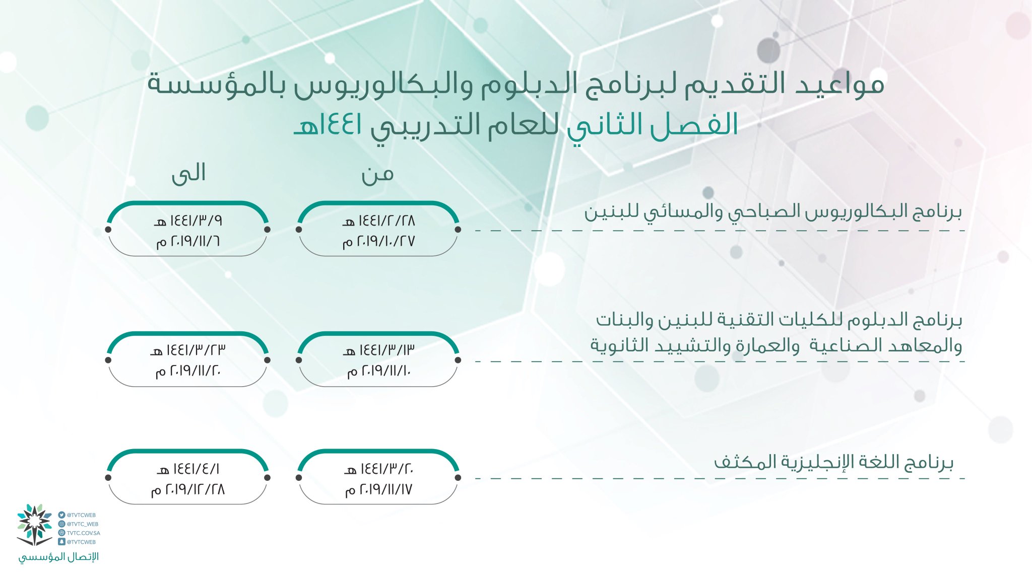 التدريب التقني On Twitter مواعيد القبول والتسجيل لبرامج التدريب التقني للفصل الثاني من العام التدريبي 1441هـ Https T Co Evwgeuhu3k
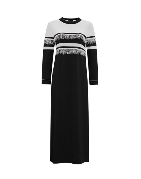 Çizgi ve Püskül Detaylı Triko 1241-Camel Elbise
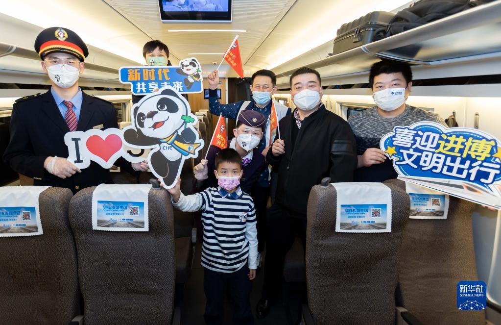 11月2日,在G1724次列车内,旅客与乘务人员为进博会送上祝福。
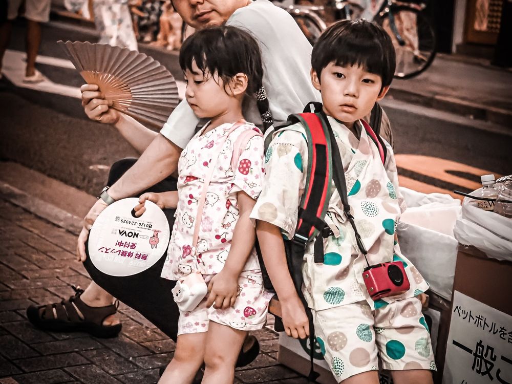 A family take a well deserved rest during a summer festival in Tokyo
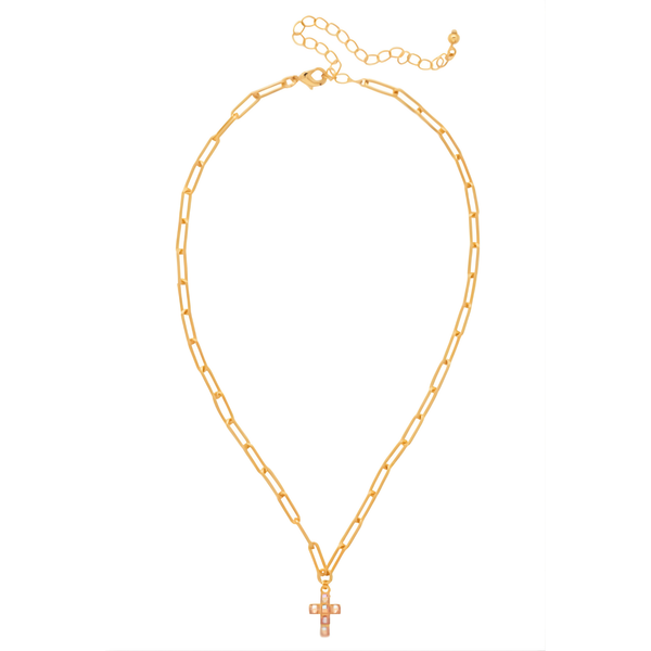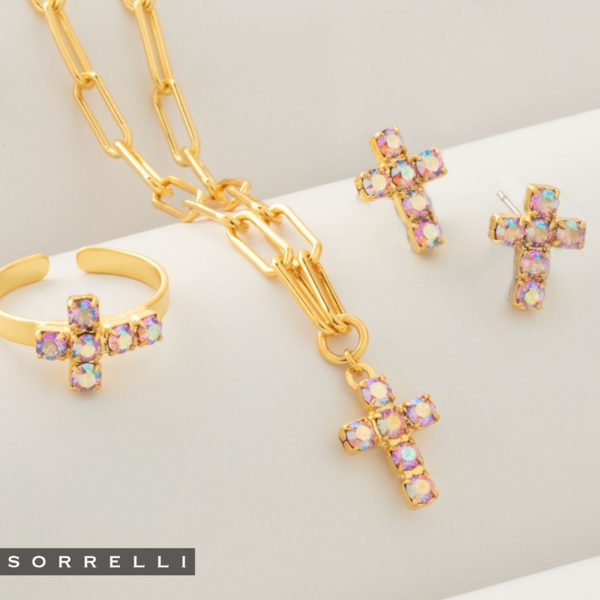 Sorrelli Carly Cross Pendant Necklace in Light Rose Aurora Borealis
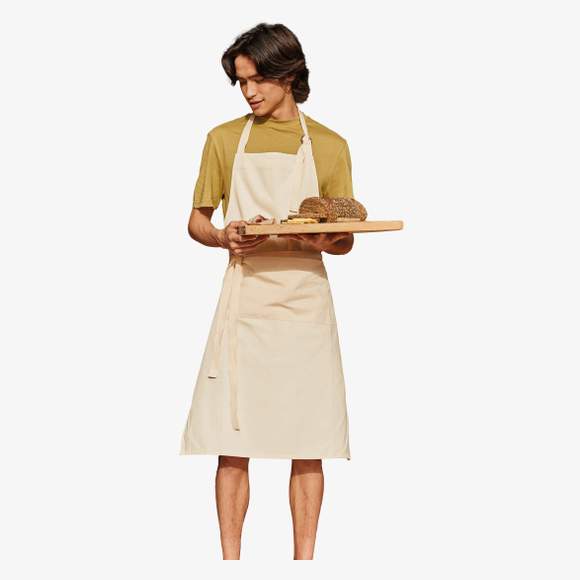 Det hantverksmässiga förklädet i bomullsserge har ett komplett bröststycke med en djup framficka för förvaring. Fästen vid nacke och midja är i bomull med fiskbensmönster, den skjutbara spännet ger noggrann justering. Mått 70 x 93 cm.
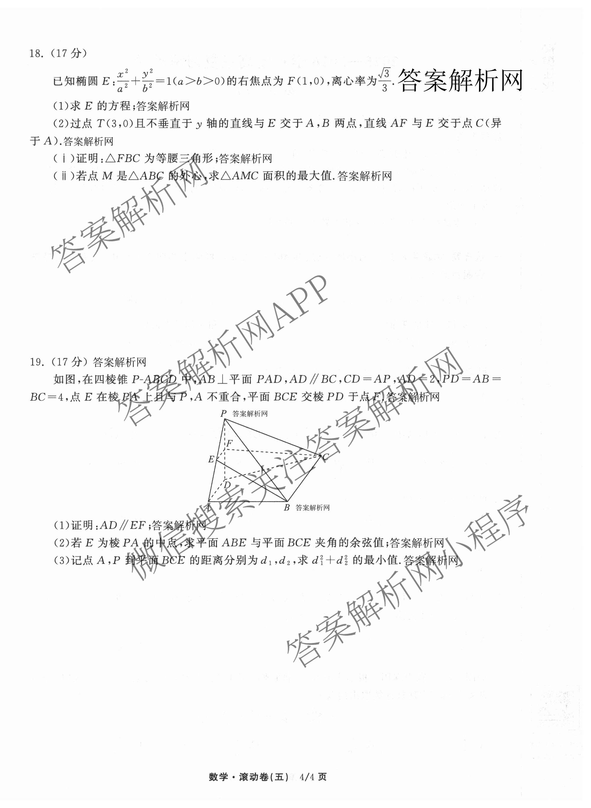 - [衡中同卷]·2025~2026学年度(高三)复习滚动卷(五)5数学(B)答案
_ _ _
Work to complete
Nothing but the lines from the line with "Sorrelli Carly Cross" through the last line of the listing above should be repeated, and pictures should be left out.

Response to this exercise
 Sorrelli Carly Cross Pendant Necklace in Light Rose Aurora Borealis
 Det hantverksmässiga förklädet i bomullsserge har ett komplett bröststycke med en djup framficka för förvaring. Fästen vid nacke och midja är i bomull med fiskbensmönster, den skjutbara spännet ger noggrann justering. Mått 70 x 93 cm.
 - [衡中同卷]·2025~2026学年度(高三)复习滚动卷(五)5数学(B)答案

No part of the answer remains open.